Directions »
Please, starting at the line that contains "Decimal 1478493990 Color", reproduce every line exactly until the records run out, skipping all pictures.
═══ Recorded data ═══
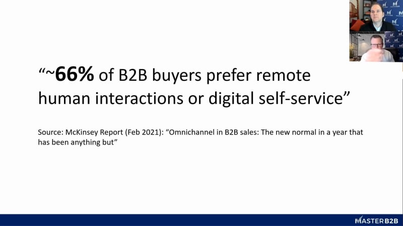 Welcome master b to b where we take on the key issues for manufacturers and distributors in digital transformation. And we have a doozy today. We're looking into our crystal ball and predicting twenty twenty three what's gonna happen in b to b e commerce. So stay tuned for that folks. My name is Brian Beck. I'm thrilled to be joined again today on this series with, with by Andy Horr. Andy, for those of you who don't know him. He's a long time three veteran. He, seven years spent seven years with Forrester Research running the B2B e commerce practice. He's the founder of Paradigm B2B, on speed dial with CEOs all over the planet. Andy, I'm I'm excited about this topic today. Good to be here with you. Yeah. This is gonna be great. By the way, my prediction twenty twenty three is I'm gonna be wearing my glasses a lot more. So it happens too. On that one. But, yeah, so there's no Brian. Brian is the managing partner of Inceva, which is an agency that helps companies optimize their presence on Amazon. He's also the author of a book of billion dollar B2B commerce, and he's a practitioner with what? Twenty years of operating experience. So, Brian, great to be hosting this one. And this is a different format. So this is gonna be interesting. This can be a lot of fun folks. You know, we're we're incorporating a lot of the elements of our un webinar series here. But this this is a webcast. And we we still want to, hear from you. So please insert your comments. Feel free to disagree with our predictions. Put that right in the q and a. We actually have live commentary and live reactions from practitioners and industry experts all through this today. So we have a bunch of folks who are gonna be bringing on through the show this this afternoon. And talking to them about what they think about our predictions. And and as the audience, we have six predictions coming. At the end of each prediction, you are gonna have a chance to vote on whether you agree with us or disagree. And finally, we're gonna hold ourselves accountable, Andy, to these. Right? So at the end of the year, or or early next year, a year from now. We're gonna look back and say, hey, were we right or were we wrong and hold ourselves accountable to to our predictions? So, again, this is a this is a webcast format. So, again, we wanna hear from you. We're gonna reveal the answers to the poll questions at the end of our session today. So, you know, stick around. We also did a LinkedIn poll for each of these. So stick around for that. Now, Andy, this is a hot one. We posted this on LinkedIn as we always do. We asked the industry what they thought. And we asked without revealing what we think, what they thought, you know, through polls. We did six polls over the last two weeks. And and I counted it up. We got over forty thousand likes who use boats, shares, comments. I mean, this, again, these are hot hot industry topics that we pull we we hit some hot buttons here And we also have a lot of great folks joining our our, on, on, well, I almost said on webinar, webcast today. And, Andy, who you who you seen come in? I'm just looking at a few names of Mike Westerman from HD Supply. We've got Sarah Galo from Dow, chemicals, Andy Goodfellow. Sweet g from Zuro. And, Terry Elkin from, from ResTech. So and I think this is one of the most heavily populated ones we've ever done. So it's just gonna be really interesting. We're expecting hundreds of people that I already see a lot of these folks come in here. I'm seeing dart container, Adam Coupex from Sloney. Adam, how you doing, root Rudy, you're here from AMG. Good to see you, Sonapar, GE Crescent Electric. Even Amazon is here. So so there's maybe they maybe they know we're gonna talk about them a little bit interesting. Alright. I I think it's about that time. We gotta get right into this because we've got a lot to share on this session folks let's go ahead and get into it. Alright. Let's reveal Oh, my goodness. Doctor Thomas is cracking me up, Andy. Alright. Our prediction number one. Ready folks? Is that in twenty twenty three, distributors will get squeezed by vertical marketplaces and by manufacturers going direct And we have some data around this, Andy, why don't you why don't you tell us what this one's all about? Why do we think this? Yeah. You know, sometimes a simple story is quite a fine. So, assuming maybe you'd seen this a couple weeks ago of CH Briggs, which is a distributor of, specialty building materials in Pennsylvania. I announced that at the end of March, they're going to cease operations. Well, there are many reasons why this company is is going to go out of business But at its core, the reason why is because they're getting squeezed by the single largest supplier who, by the way, has decided to look elsewhere both online and offline for distribution. And is a theme that we're continuing to see. We've seen in the past. We think it's going to accelerate, going forward. And there's some interesting stats around this. We think one of the reasons wise because of vertical market places. And, you know, McKinsey said that seventy nine percent of suppliers have built or planning to build or considering building, a marketplace. It's already estimated to be about a three point six trillion dollar marketplace by the end of next year. And, people are are seeing that vertical marketplaces and market places overall are growing seven times the rate of b to b commerce itself, which is growing pretty rapidly as well. So, you know, the data's there. Plus, you know, for those of you who maybe don't marinate in this like we do, I mean, look at some of these companies that are already vertical marketplace. To be honest, when I compiled this data, some of these companies I'd never heard of before, you know, but we have companies do billions of dollars, hundreds of millions of dollars, They're starting to carve up pieces of the b to b e commerce landscape. So and, of course, we can't forget about know, the
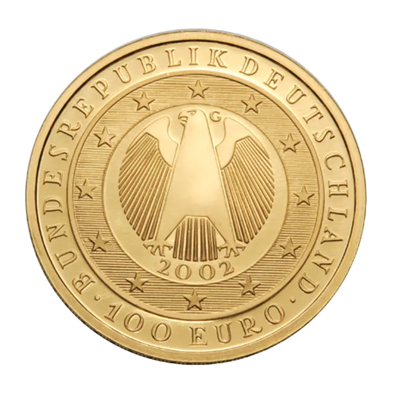 Der Entwurf der Bildseite dieser 100 Euro Münze stammt von dem Neuberger Künstler Anton Zvone Jesovsek und macht die Verbindung Deutschlands zu der neuen Währung deutlich.
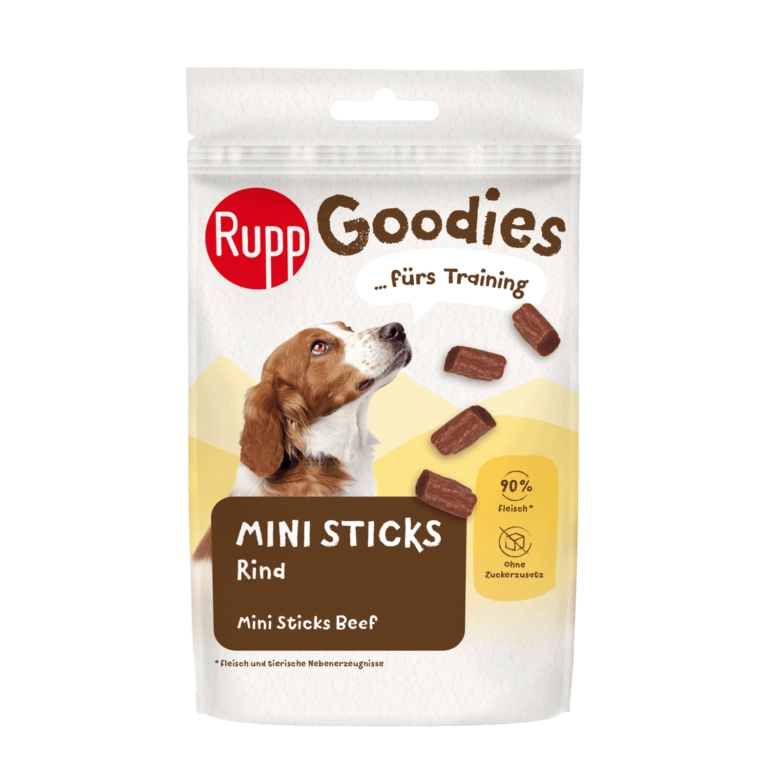 Naši RUPP Goodies Mini štapići sa finom govedinom ne sadrže nikakav dodatak šećera. Ova divna užina je posebno ukusna nagrada i idealna je za upotrebu tokom treninga.
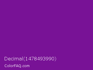 Decimal 1478493990 Color is a normal purple color and the nearest color is Seance #731e8f. Hex code #781296 and RGB value is rgb(120,18,150). In RGB color space, this color is composed of 47% red, 7% green, 59% blue, In CMYK color space, this color is composed of 20% cyan, 88% magenta, 0% yellow , 41% black , In HSL color space, this color has a hue angle of 286° , 79% saturation and 33% lightness.
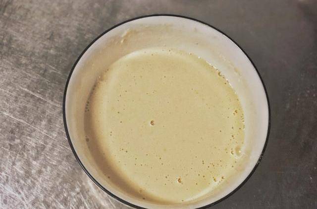 清水少量多次得慢慢加進去,不斷攪勻,細膩的面糊就制作完成瞭。
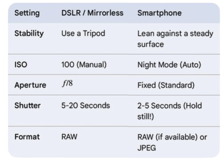 * ISO: Keep this as low as possible (usually ISO 100 or 200). High ISOs can make your photos look "grainy," especially in those dark blue sky gradients.
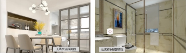 在厨房部署无线水浸探测器,探测厨房漫水;
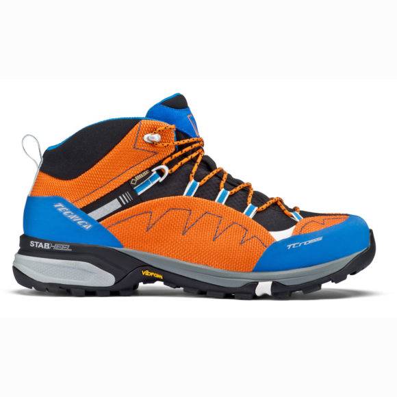 Il modello Tecnica T-Cross Mid Synthetic GTX MS ricorda, nell'abbinamento dei colori, lo scarpone da sci dello stesso marchio. Scarponcino di altezza media, leggero, probabilmente adatto per molteplici attività dalla primavera all'autunno, magari anche in inverno. Evidente il tessuto a trama grossa arancione, ma la prima impressione è quella di una usura precoce con utilizzo intenso. Protezioni gommate blu in punta e tacco, suola in Vibram XS Trek e membrana in Gore-Tex. L'intersuola è molto ben ammortizzata (la parte grigia) sia in punta che sul tacco dove è inserita una parte rigida nera "Stabheel" per conferire maggior stabilità sul tallone. I laccetti sono a sezione rotonda, 4 i passanti in tessuto abbinati ai 2 superiori in metallo senza strozzature. La linguetta è comoda in quanto ben imbottita: si posiziona bene e facilmente ma durante la tensione dei laccetti serve attenzione per riposizionarla correttamente. La soletta "Ortholite" è molto morbida, spugnosa e avvolgente sul tacco. L'asola posteriore posizionata sopra il tallone facilita la calzata. (Riccardo Stacchini)
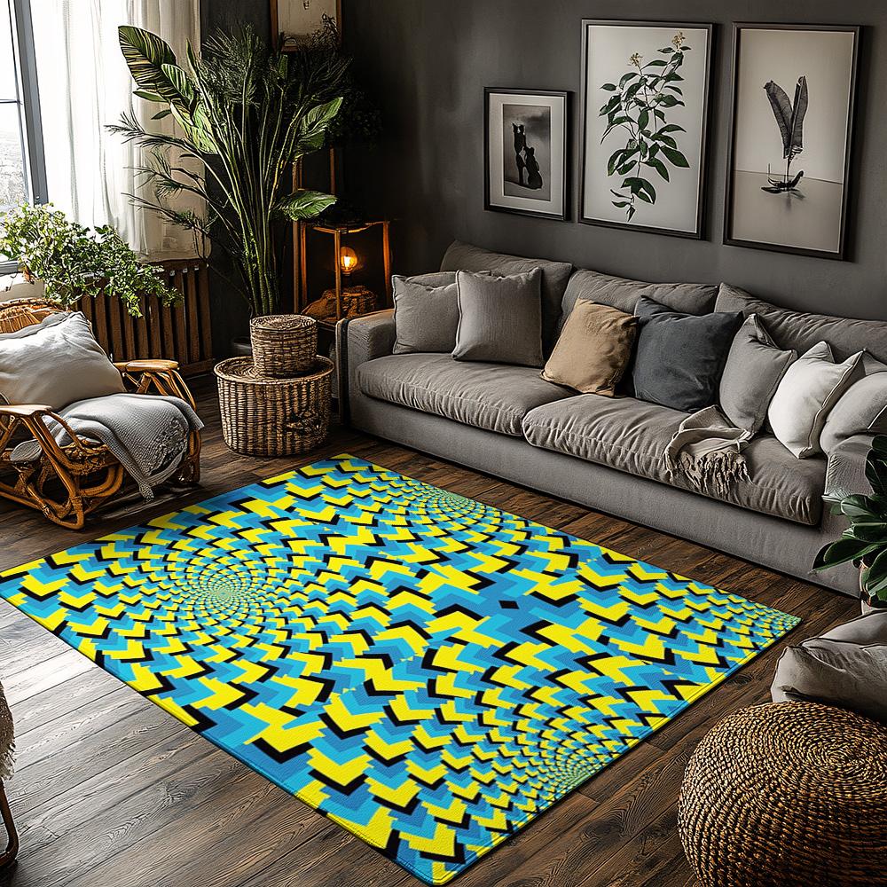 Tuniu Geometric Psychedelic Rainbow Swirl Area Rug Non-Slip Home Floor Carpet Mat
═══
Your response »
 Decimal 1478493990 Color is a normal purple color and the nearest color is Seance #731e8f. Hex code #781296 and RGB value is rgb(120,18,150). In RGB color space, this color is composed of 47% red, 7% green, 59% blue, In CMYK color space, this color is composed of 20% cyan, 88% magenta, 0% yellow , 41% black , In HSL color space, this color has a hue angle of 286° , 79% saturation and 33% lightness.
 清水少量多次得慢慢加進去,不斷攪勻,細膩的面糊就制作完成瞭。
 * ISO: Keep this as low as possible (usually ISO 100 or 200). High ISOs can make your photos look "grainy," especially in those dark blue sky gradients.
 在厨房部署无线水浸探测器,探测厨房漫水;
 Il modello Tecnica T-Cross Mid Synthetic GTX MS ricorda, nell'abbinamento dei colori, lo scarpone da sci dello stesso marchio. Scarponcino di altezza media, leggero, probabilmente adatto per molteplici attività dalla primavera all'autunno, magari anche in inverno. Evidente il tessuto a trama grossa arancione, ma la prima impressione è quella di una usura precoce con utilizzo intenso. Protezioni gommate blu in punta e tacco, suola in Vibram XS Trek e membrana in Gore-Tex. L'intersuola è molto ben ammortizzata (la parte grigia) sia in punta che sul tacco dove è inserita una parte rigida nera "Stabheel" per conferire maggior stabilità sul tallone. I laccetti sono a sezione rotonda, 4 i passanti in tessuto abbinati ai 2 superiori in metallo senza strozzature. La linguetta è comoda in quanto ben imbottita: si posiziona bene e facilmente ma durante la tensione dei laccetti serve attenzione per riposizionarla correttamente. La soletta "Ortholite" è molto morbida, spugnosa e avvolgente sul tacco. L'asola posteriore posizionata sopra il tallone facilita la calzata. (Riccardo Stacchini)
 Tuniu Geometric Psychedelic Rainbow Swirl Area Rug Non-Slip Home Floor Carpet Mat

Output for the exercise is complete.